The Euro, the beleaguered European currency faces problems from an unexpected source-Belgium, the home of the European Union. Hitherto the problem area had been considered the so-called PIIGS (Portugal, Ireland, Italy, Greece and Spain) countries. Greece and Ireland have already received rescue packages and Spain threatened to be the next domino putting pressure on the Euro. Now Standard & Poor's financial rating agency threatens to lower Belgium's credit ratings unless the country succeeds in forming a coalition government.
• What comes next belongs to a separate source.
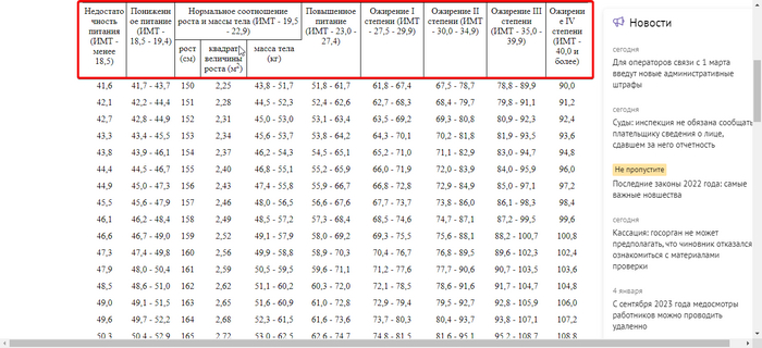 Имейте в виду, что показатели ИМТ в разных возрастных категориях при одних и тех же параметрах веса и роста отличаются. Проверяйте для своей возрастной категории.

This is  something that is has failed to accomplish since the June elections given the linguistic divide in Belgium between French and Flemish speakers and the demand by the Flemish parties for greater regional autonomy.  Richer Flemish Flanders wants to transfer less money to the poorer French regions of the country's south.

Expressing the frustration following 185 days of fruitless negotiations, Bart De Wever, the Flemish winner of the last elections, described Belgium as a “failed” state and the “sick man of Europe” (a term that the Russian Czar Nicholas II had used in the 19th Century to depict the Ottoman Empire) in an interview in the German Der Spiegel and opined that Belgium had no long term future. De Wever's outspokenness may have been natural but it obviously did not inspire investor confidence.
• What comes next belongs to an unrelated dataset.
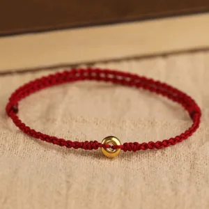 59.71$Original price was: 59.71$.43.59$Current price is: 43.59$.Mythstone 999 Gold Small Peace Buckle Red String Protection Luck Braided Bracelet Anklet

Standard & Poor's believes that a stable government is necessary to make the decisions to cut the countries budgetary debt and sell the package to the citizens of Belgian. Standard & Poor's warning follows similar gloomy reports by the International Monetary Fund. The IMF report card for Belgium noted "the outlook is uncertain and risks are predominantly on the downside." Belgium warned the IMF has to send a strong message by getting its public debt in order. The lower a country's credit ratings the higher the interest it pays to refinance its public debt and Belgium has the third highest public debt in the eurozone.

The Belgian press reacted swiftly to this embarrassing news. The French language Echo castigated the politicians saying that they had been warned by business leaders, a contest and even journalists that it was not particularly smart for Belgium to make a spectacle of itself in front of the economic speculators during the financial crisis of the Euro zone. Le Soir for its part noted that the rating agency had threatened to lower its rating by one notch if the government is not formed in 6 months and felt that Standard & Poor's was actually being lenient with a country that had made itself a laughing stock due to its coalition crisis.